Since you knew exactly what sort of instructions BLISS was going to produce, it was easy to mix in assembler. This was pretty neat, giving you access to all the bit and byte twiddling instructions the PDP-10 was famous for, and which most languages completely ignored and isolated you from (although BLISS had ways to do a lot of that sort of thing within the language too).
The BLISS I used (and I think the original) was later called 'BLISS36' or 'BLISS-10', since it ran on the 36-bit word PDP-10 (you had a choice on how many bytes were in that word). There was evidently a 'Common BLISS', but I never had any contact with it. BLISS-10 made no attempt to be machine independent.

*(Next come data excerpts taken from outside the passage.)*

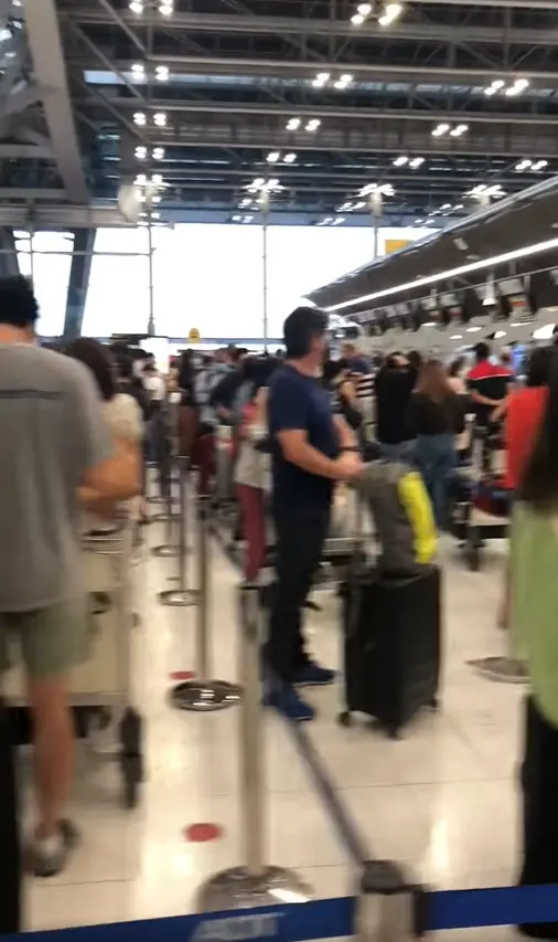 จากเหตุการณ์เมื่อวันที่ (04 มิ.ย. 65) มีผู้ใช้เฟซบุ็กรายหนึ่งโพสต์คลิปพร้อมข้อความว่า Thai Airways วันนี้คิวการบินไทยที่สุวรรณภูมิสาหัสมากและมีเคาเตอร์ที่จำกัดมากเมื่อเทียบกับผู้โดย Staff น้อยมาก แม้จะมาก่อนล่วงหน้า 3 ชั่วโมงก็ไม่น่าทัน เดินไปถาม staff เพียงคนเดียวที่คอยคุมแถว พี่คะ พี่เห็นหางแถวมั้ยคะว่ามันไปถึงโน่นแล้ว เค้าบอกว่า “น้อง พี่ฝากให้ช่วยถ่ายคลิปหน่อย ผู้บริหารให้คนมาแค่นี้ ประเทศเปิดแล้ว มีคนรอเช็คอินหลักพันแต่มี staff แค่นี้ (18 เคาน์เตอร์) เค้าเอาคนออกหมด ไม่มีคนทำงาน ผู้บริหารไม่เคยมาดูแลเลยอยู่บนหอคอยงาช้าง คนในออฟฟิศก็ได้แต่พราวไปวันๆ แต่ไม่เคยลงมาดูน้องเลย”
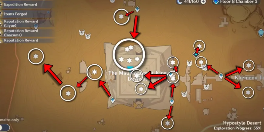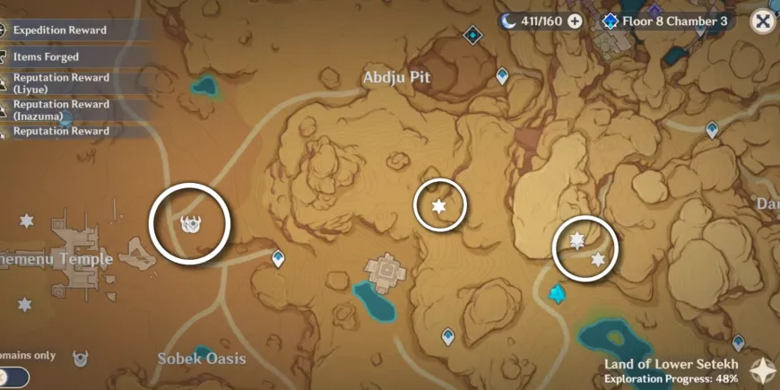 Primal Constructs в этой области также легко доступны. Чтобы получить одну звезду, просто войдите в нее из точки телепортации к востоку от храма Кхемену. Для получения трех других звезд игроки должны использовать маршрут, ведущий к Сверкающему компоненту Ямы Абджу в Genshin Impact.
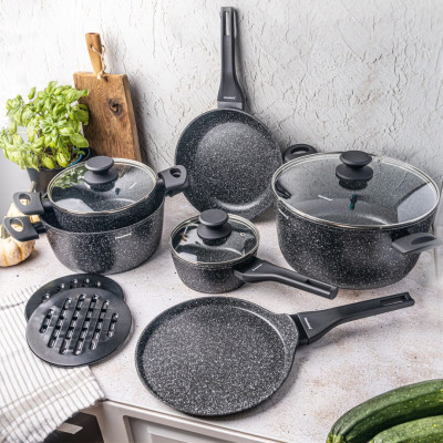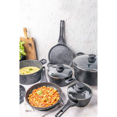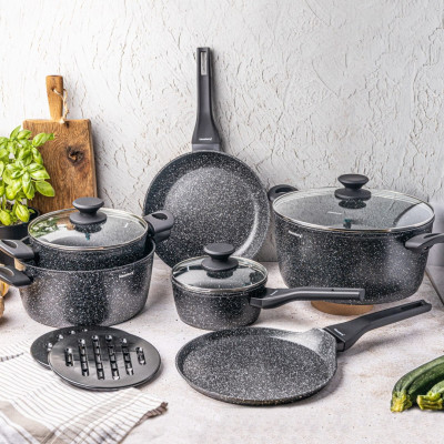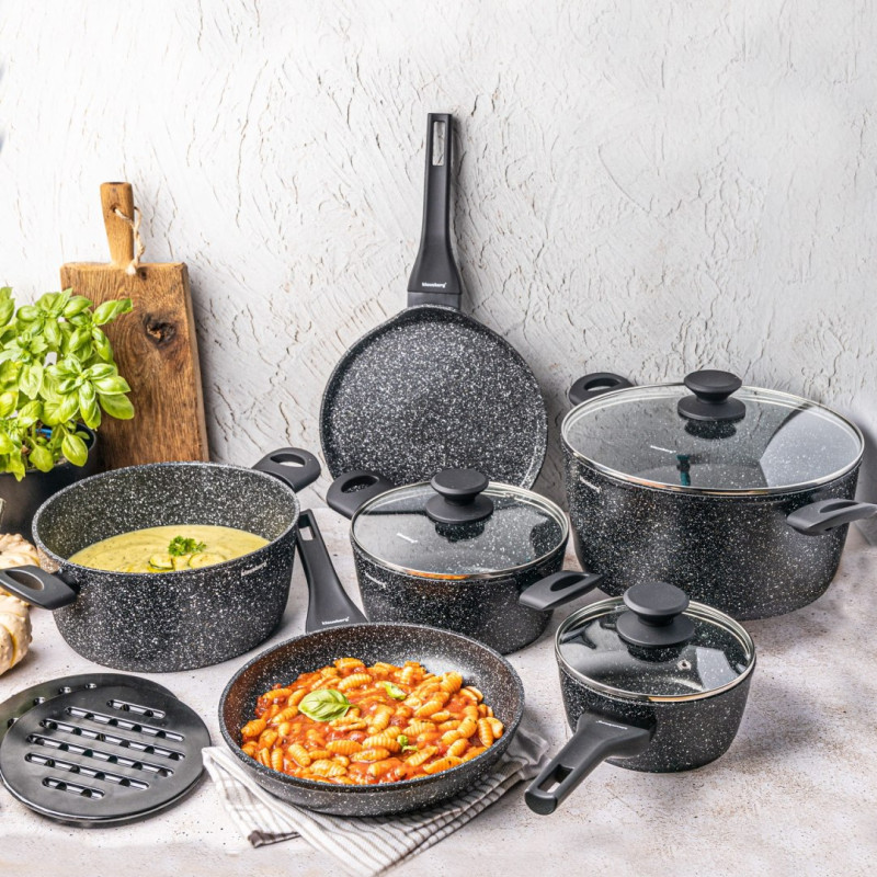12-elementowy zestaw garnków i patelni z marmurkową powłoką nieprzywierającą marki KLAUSBERG.
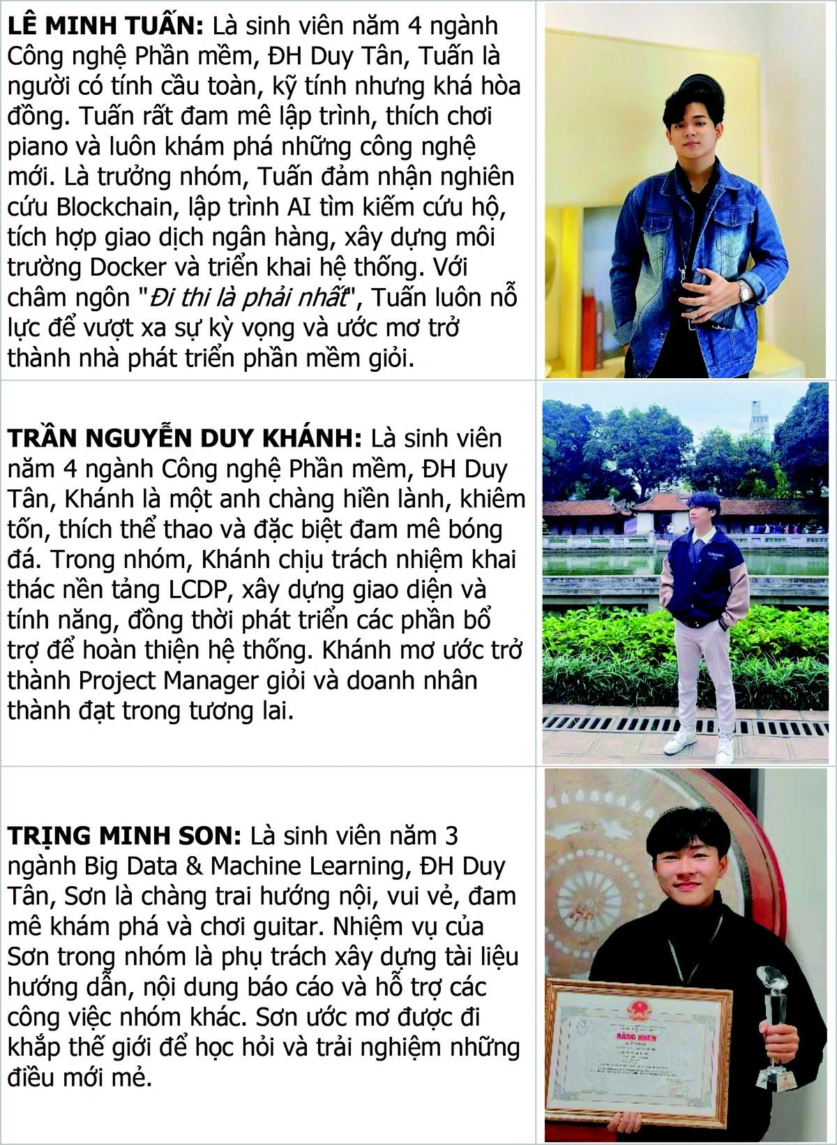 Thầy đã định hướng phát triển ứng dụng minh bạch hóa giao dịch bằng Blockchain và AI tìm kiếm cứu hộ, giúp đội tạo nên sự khác biệt. Chiến thắng này không chỉ là thành quả của đội mà còn là minh chứng cho sự tận tâm và trách nhiệm của thầy - người đã truyền cho chúng em ngọn lửa đam mê và cống hiến".
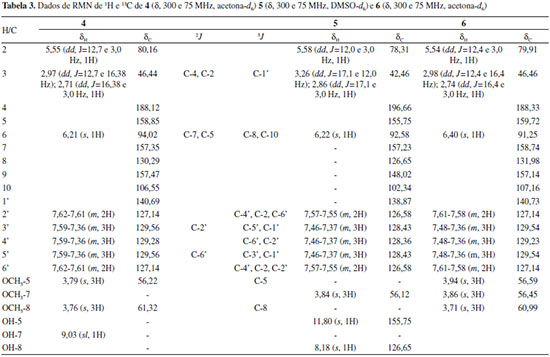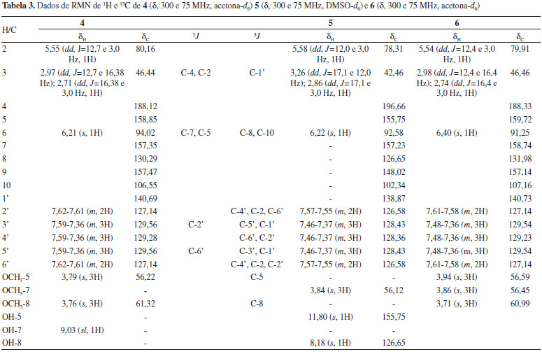 2',4'-di-hidroxi-6'-metoxidi-hidrochalcona (3) cristais amarelos, P.F.=174-176 ºC (lit. 185-187 ºC), RMN de 1H e 13C (500 e 125 MHz, CD3OD), (Tabela 2). 7-hidroxi-5,8-dimetoxiflavanona (4) cristais amarelos, P.F. = 158,5-160,5 ºC (lit.190-192 ºC), RMN de 1H e 13C (300 e 75 MHz, acetona-d6), (Tabela 3).
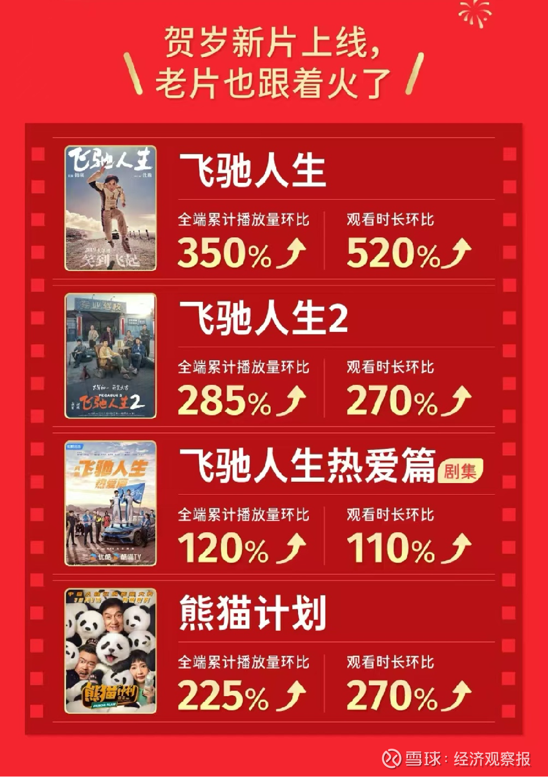 春节档的溢出价值,不仅在线下延展,也显著反哺线上内容热度。虎鲸文娱集团《春节文娱消费报告》指出,新片的集聚效应有效带动经典老片回潮。以《飞驰人生3》为例,其上映后迅速激活“飞驰”IP全系列在优酷平台的观看热情,部分作品增幅超300%。
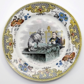 A plate showing Munito playing dominoes.How was Munito trained?The answer to how Munito was trained, was answered by, of all people, the novelist Charles Dickens. In 1867 Dickens wrote about having seen Munito's act, some 45 years earlier."… a learned dog was exhibited in Piccadilly - Munito … He performed many curious feats, answering questions, telling the hour of the day … picking out any cards called for from a pack on the ground.”Dickens set his observational skills to work and noticed how Munito walked around the cards sniffing them. The writer came up with an explanation as to how Munito did the trick.“We watched more narrowly … noticed that between each feat the master gave the dog some small bits … of food, and that there was a faint smell of aniseed from that corner of the room.”
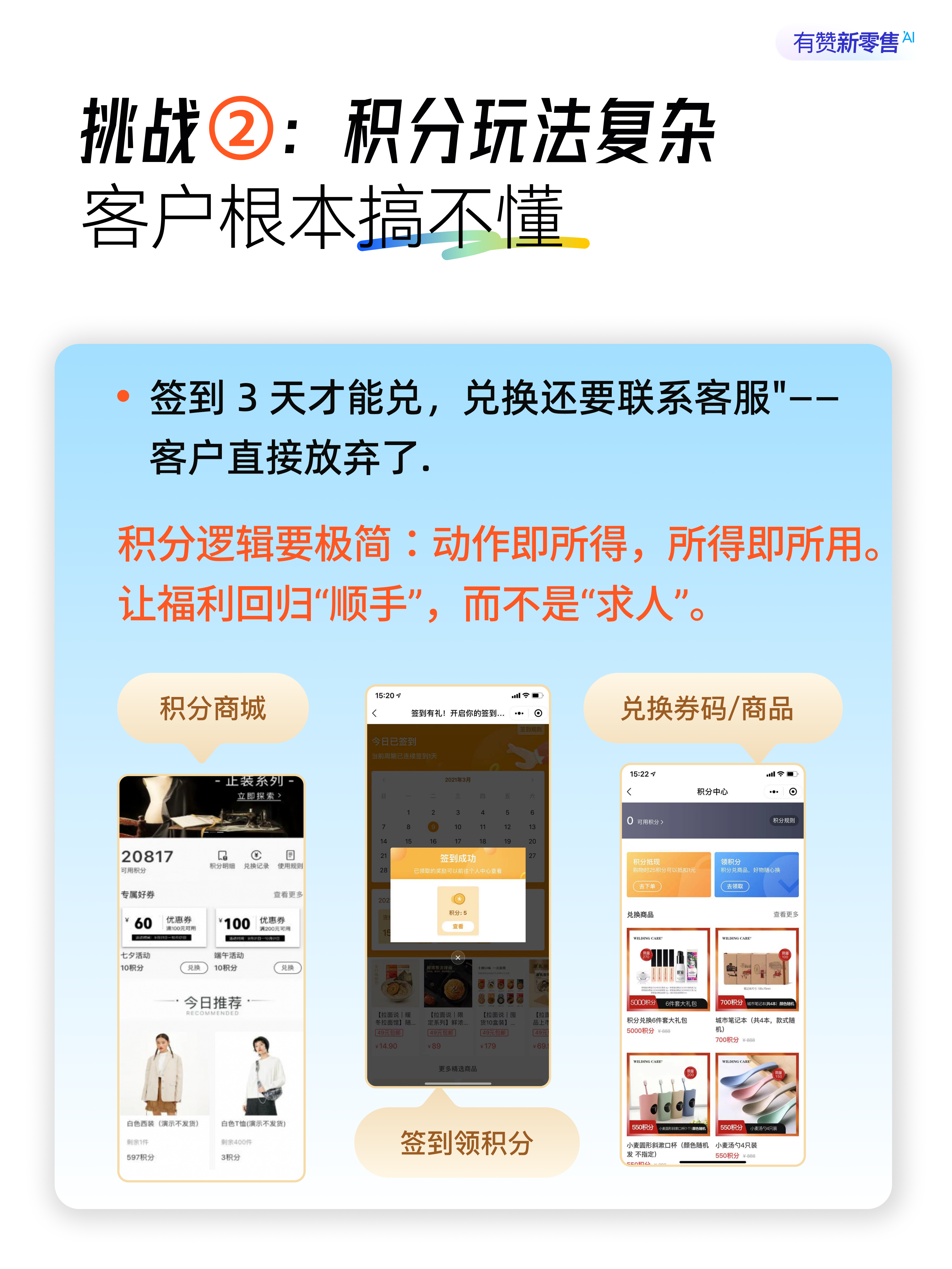 "签到 3 天才能兑,兑换还要联系客服"——客户直接放弃了。
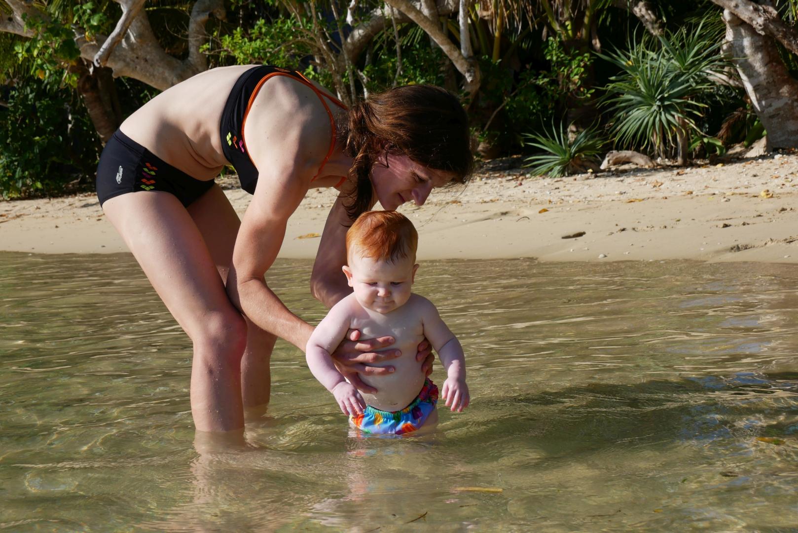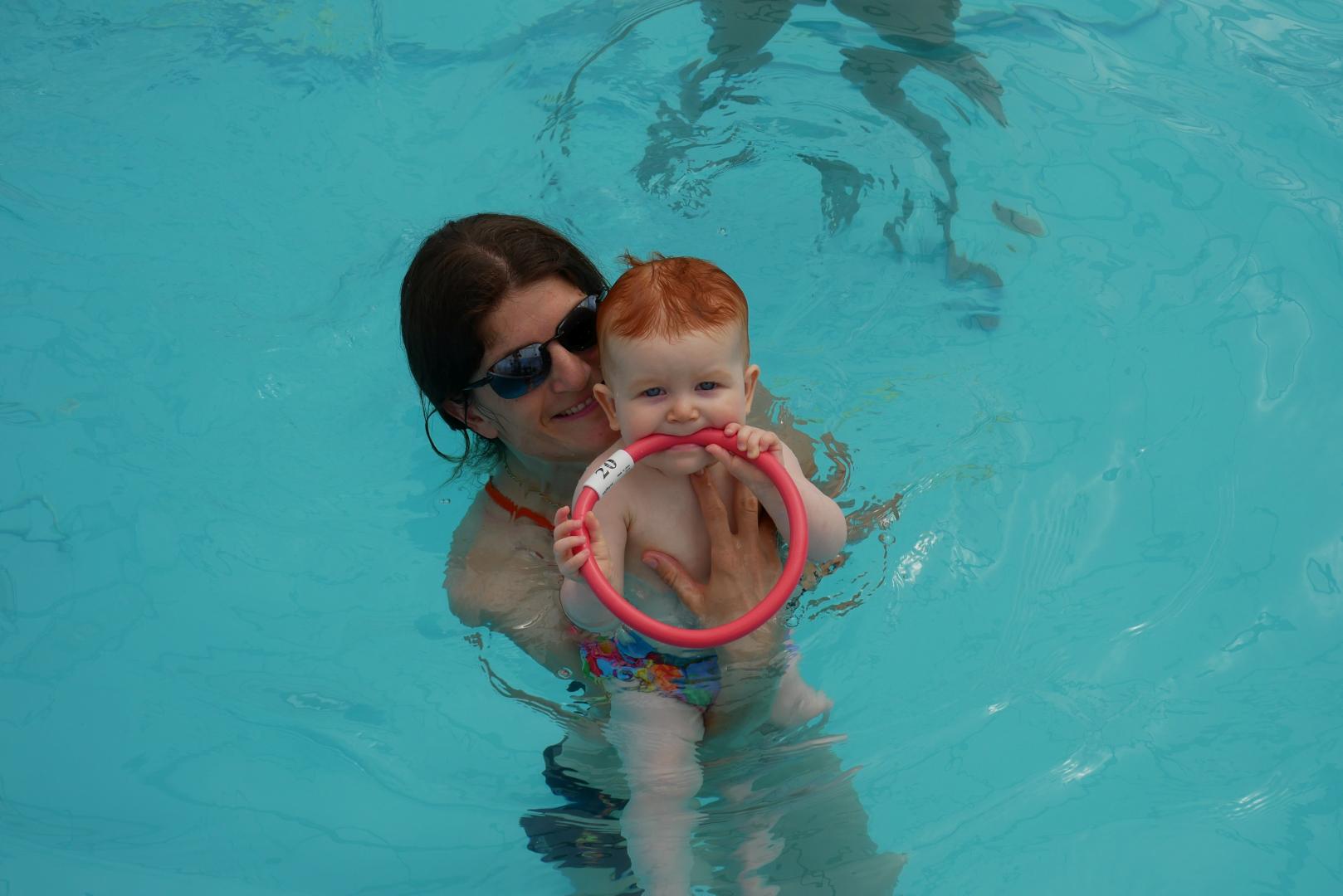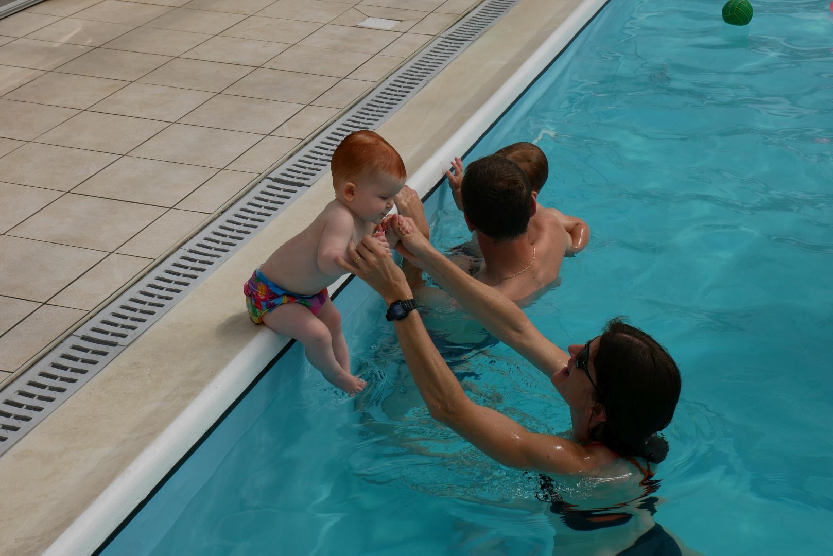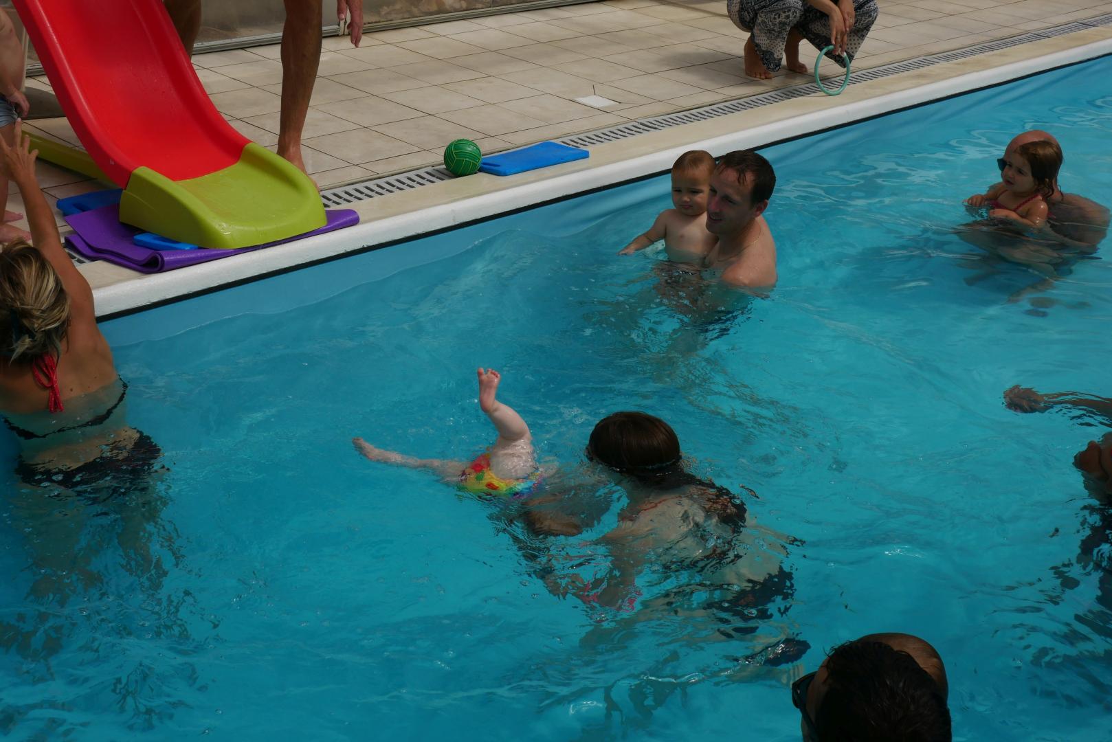 Je prends aussi souvent des bains que des douches. J’aime toujours autant l’eau et le montre pendant les séances de bébé nageurs.
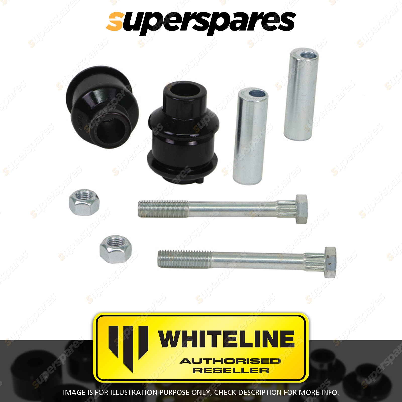 | Contents : Whiteline Front Control arm - lower bushing Warranty : 3 Year / 60,000Kms Kit Contents : 2 Bushings, 2 Tubes, 2 Bolts, 2 Nuts, Install Guide |
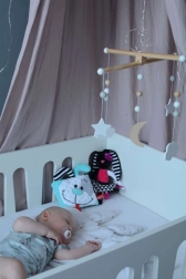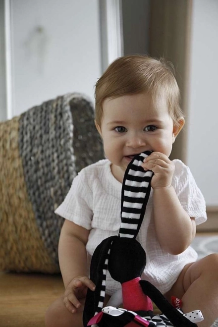 Černo-bílé proužky a výrazné barvy přitahují pozornost miminka a podporují zdravý vývoj vizuální percepce už od narození.
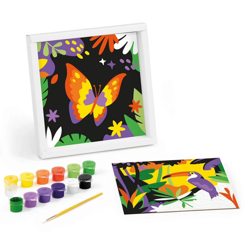 Zestaw kreatywny z kolorowymi motywami papugi i motyla, idealny dla początkujących artystów, którzy stawiają pierwsze kroki w świecie malarstwa.

I've still got an official decsystem10 BLISS-10 Programmer's Reference Manual for Version 4 published by DEC in 1974, although it doesn't look used, so I must have been working from an earlier edition most of the time. I think page 1-1 is worth reproducing:
CHAPTER 1
LANGUAGE DEFINITION
1.1 AN EXPRESSION LANGUAGE
The programming language BLISS-10 enables programmers (persons who converse in a programming language) to construct text (programs) which evoke computations to transform input into a desired result. Programs written in BLISS-10 consist of declarations, which establish structure, and expressions sequenced to compute results. Expressions in BLISS-10 can assume remarkably complex forms built up from elementary forms; but regardless of their complexity every expression computes a value. This notion, that a BLISS-10 program consists solely of declarations and expressions, and that these expressions can become arbitrarily complex yet compute a single value during the execution of the program, represents a key concept the reader must understand to properly construct programs in BLISS-10 and fully exploit its power. The concept of a statement prevalent in many programming languages has no meaning in BLISS-10. In reading this manual the reader should strive to master the implications and meaning of the following statement:
BLISS-10 is an expression language.
Once in a while I miss that in Python. A consequence of this was no go-to's in BLISS. Instead of 'go-to', the original BLISS had 8 different 'escape' instructions to break different types of control structures, but by the time I used it you could label expressions and use that label to break out of them.
BLISS also had coroutines, which I tried out and remember thinking were neat. I'm still waiting for just the right application for coroutines.
BLISS was developed by W. A. Wulf at CMU who was involved in a number of programming language activities there. You may have heard of HYDRA and Tartan Laboratories which he led. I still fondly recall Harbison & Steele's C, a reference Manual that came out of that work. Work on BLISS started in 1969 or 1970, possibly slightly before C began at Bell Labs, so the idea of a language suitable for writing systems software was being discussed, but was far from an accepted idea at the time.
References:
W.A. Wulf, BLISS reference manual :
a basic language for implementation of system software for the PDP-10 /, 1971.
"BLISS: A Language for Systems Programming", W. A. Wulf et al, CACM 14(12):780-790 (Dec 1971).
BLISS-10 Programmer's Reference Manual DEC-10-LBRMA-A-D, Digital Equipment Corporation, Maynard, MA. 1974.